Наверное, вы помните у Шелли:
Следует помнить, что и шедевры искусства не вечны. Что красота зыбка и недолговечна. Разве тот блаженный немецкий ювелир не просыпался каждое утро в счастье и радости? Чего же еще мог он требовать от судьбы? Нельзя одновременно вкушать счастье и не сомневаться, что прав перед Господом, в преддверии вечной жизни. Остается надеяться, что счастье твое и есть правота перед Господом.
В этом я с ним соглашался и поддакивал ему, кивая с умным видом. Теперь я был о нем лучшего мнения, он вырос в моих глазах. Нет, все-таки в нем что-то есть — внутреннее благородство, таинственные положительные свойства.
Но все это в такой странной, непонятной мешанине!
А между тем шлюпку нашу то лениво несло по зеркальной водной стихии, то швыряло и раскачивало на волнах.
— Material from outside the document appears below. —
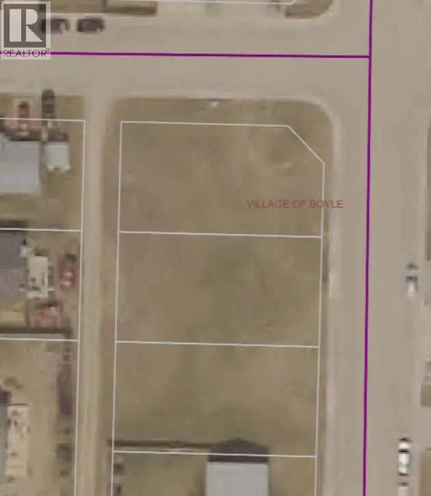 Welcome to the Village of Boyle! This bare residential lot offers a fantastic opportunity to build your dream home or investment property in a quiet, family-friendly community. Ideally located, this lot is part of a grouping—two adjacent lots are also available for sale, allowing for expanded development potential or a larger private space.Boyle is a welcoming village just 90 minutes north of Edmonton, known for its small-town charm, strong community spirit, and easy access to beautiful outdoor spaces like Long Lake Provincial Park. Enjoy local amenities including schools, healthcare, shopping, and recreation—all within a supportive and growing community.Whether you're building new or investing for the future, this is a chance to become part of a great Alberta village with plenty of upside. Buy one, two, or all three lots—your choice! (id:27476)

И я вспоминал тогда, сколько раз, думая, что прав, катастрофически ошибался.
Ошибался.
И вновь ошибался.
И опять.
И опять.
И как долго продлится это мое теперешнее ощущение правоты?
Вот в нашей со Стеллой любви я был уверен твердо.
Но опять-таки какое значение может иметь, прав я или прав, если нам суждено погибнуть?
Крутые гребни синих океанских валов. Рыбы и морские чудища, живущие своей непонятной жизнью в бездонной глубине. И тела наших утонувших товарищей где-то рядом — возможно, под нами, колеблемые течением.
О своей тетке Этель он говорил вдохновенно, как художник, с величавой напыщенностью. А ведь совсем недавно, оцепенелый от страха, впал в полное ничтожество. Теперь же — только взгляните: владеет словом и мыслью, говорит жарко и увлеченно, и все в нем дышит прочностью и уверенностью.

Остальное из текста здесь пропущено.